O^O/ \_/ \    Pytorch: 2.3.1+cu121. CUDA = 8.6. CUDA Toolkit = 12.1.
\        /    Bfloat16 = TRUE. FA [Xformers = 0.0.26.post1. FA2 = False]
 "-____-"     Free Apache license: http://github.com/unslothai/unsloth


#### Parameters for finetuning

In [2]:
model = FastLanguageModel.get_peft_model(
    model,
    r = 16, # Choose any number > 0 ! Suggested 8, 16, 32, 64, 128
    target_modules = ["q_proj", "k_proj", "v_proj", "o_proj",
                      "gate_proj", "up_proj", "down_proj",],
    lora_alpha = 16,
    lora_dropout = 0, # Supports any, but = 0 is optimized
    bias = "none",    # Supports any, but = "none" is optimized
    # [NEW] "unsloth" uses 30% less VRAM, fits 2x larger batch sizes!
    use_gradient_checkpointing = "unsloth", # True or "unsloth" for very long context
    random_state = 3407,
    use_rslora = False,  # We support rank stabilized LoRA
    loftq_config = None, # And LoftQ
)

Unsloth 2024.7 patched 32 layers with 32 QKV layers, 32 O layers and 32 MLP layers.


#### Data prep

In [3]:
from datasets import load_dataset
dataset = load_dataset(
    "csv",
    data_files = "https://huggingface.co/datasets/unsloth/datasets/raw/main/titanic.csv",
    split = "train",
)
print(dataset.column_names)
print(dataset[0])

['PassengerId', 'Survived', 'Pclass', 'Name', 'Sex', 'Age', 'SibSp', 'Parch', 'Ticket', 'Fare', 'Cabin', 'Embarked']
{'PassengerId': 1, 'Survived': 0, 'Pclass': 3, 'Name': 'Braund, Mr. Owen Harris', 'Sex': 'male', 'Age': 22.0, 'SibSp': 1, 'Parch': 0, 'Ticket': 'A/5 21171', 'Fare': 7.25, 'Cabin': None, 'Embarked': 'S'}


In [4]:
print(dataset.column_names)

['PassengerId', 'Survived', 'Pclass', 'Name', 'Sex', 'Age', 'SibSp', 'Parch', 'Ticket', 'Fare', 'Cabin', 'Embarked']

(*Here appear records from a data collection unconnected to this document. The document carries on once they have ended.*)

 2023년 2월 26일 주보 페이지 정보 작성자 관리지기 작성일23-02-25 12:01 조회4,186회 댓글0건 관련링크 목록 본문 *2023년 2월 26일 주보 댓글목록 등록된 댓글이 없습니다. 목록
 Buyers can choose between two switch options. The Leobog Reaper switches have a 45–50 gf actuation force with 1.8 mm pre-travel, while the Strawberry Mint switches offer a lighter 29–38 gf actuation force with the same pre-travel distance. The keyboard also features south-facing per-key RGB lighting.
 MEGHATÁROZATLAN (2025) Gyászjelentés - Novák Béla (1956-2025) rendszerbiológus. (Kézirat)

To solve this, we shall do the following:

- Merge all columns into 1 instruction prompt.
- Remember LLMs are text predictors, so we can customize the instruction to anything we like!
- Use the to_sharegpt function to do this column merging process!

To merge multiple columns into 1, use merged_prompt.

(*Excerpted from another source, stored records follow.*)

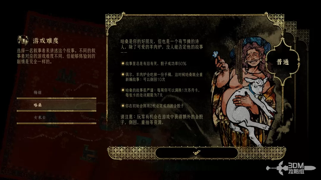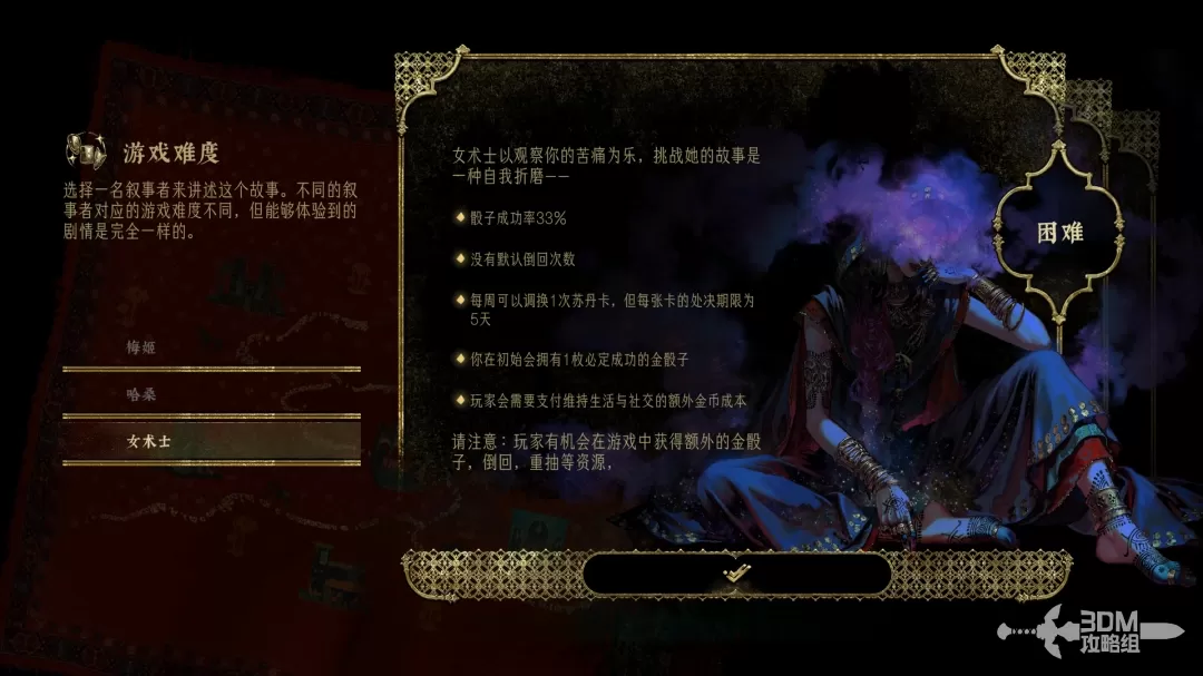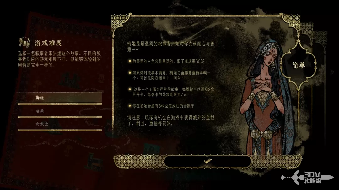 在游戏的开始总共有三个难度可供玩家选择,讲述者梅姬对应的是简单难度。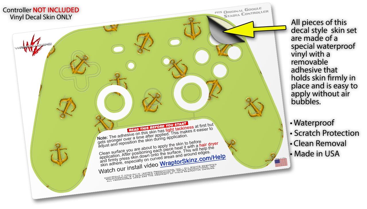 Skin Decal Wrap works with Original Google Stadia Controller Anchors Away Sage Green Skin Only CONTROLLER NOT INCLUDED
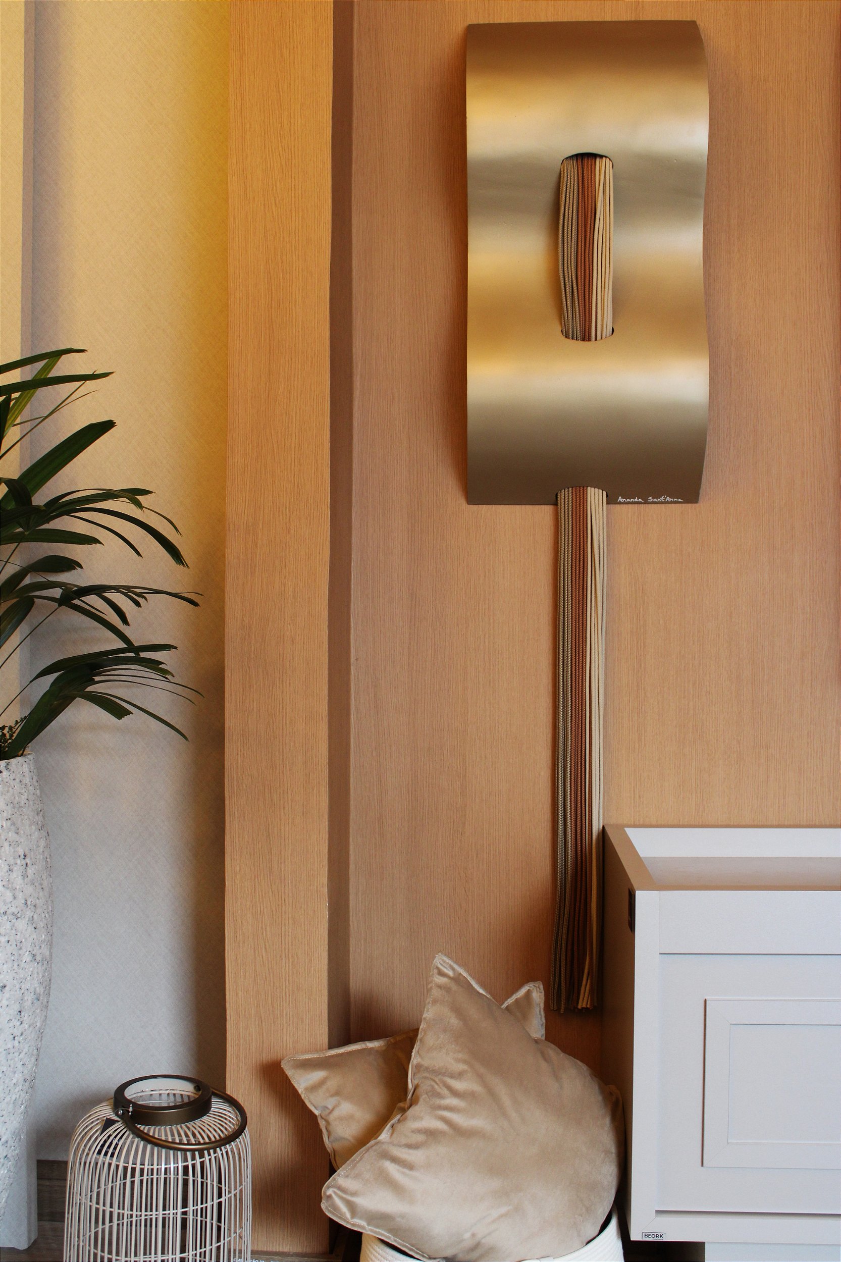 Escultura de parede em aço corten pintado em cor champagne curvado e cordas em tons claros.

- Enclose all columns in curly braces {}.
- Optional text must be enclused in [[]]. For example if the column "Pclass" is empty, the merging function will not show the text and skp this. This is useful for datasets with missing values.
- You can select every column, or a few!
- Select the output or target / prediction column in output_column_name. For the Titanic dataset, this will be Survived.

###### For example, if we want to use the columns Age and Fare, we can do the following:

In [5]:
from unsloth import to_sharegpt
dataset_simple = to_sharegpt(
    dataset,
    merged_prompt = "[[Their age is {Age}.\n]][[They paid ${Fare} for the trip.\n]]",
    output_column_name = "Survived",
)

###### We shall now provide a complex example using nearly all the columns in the dataset as shown below!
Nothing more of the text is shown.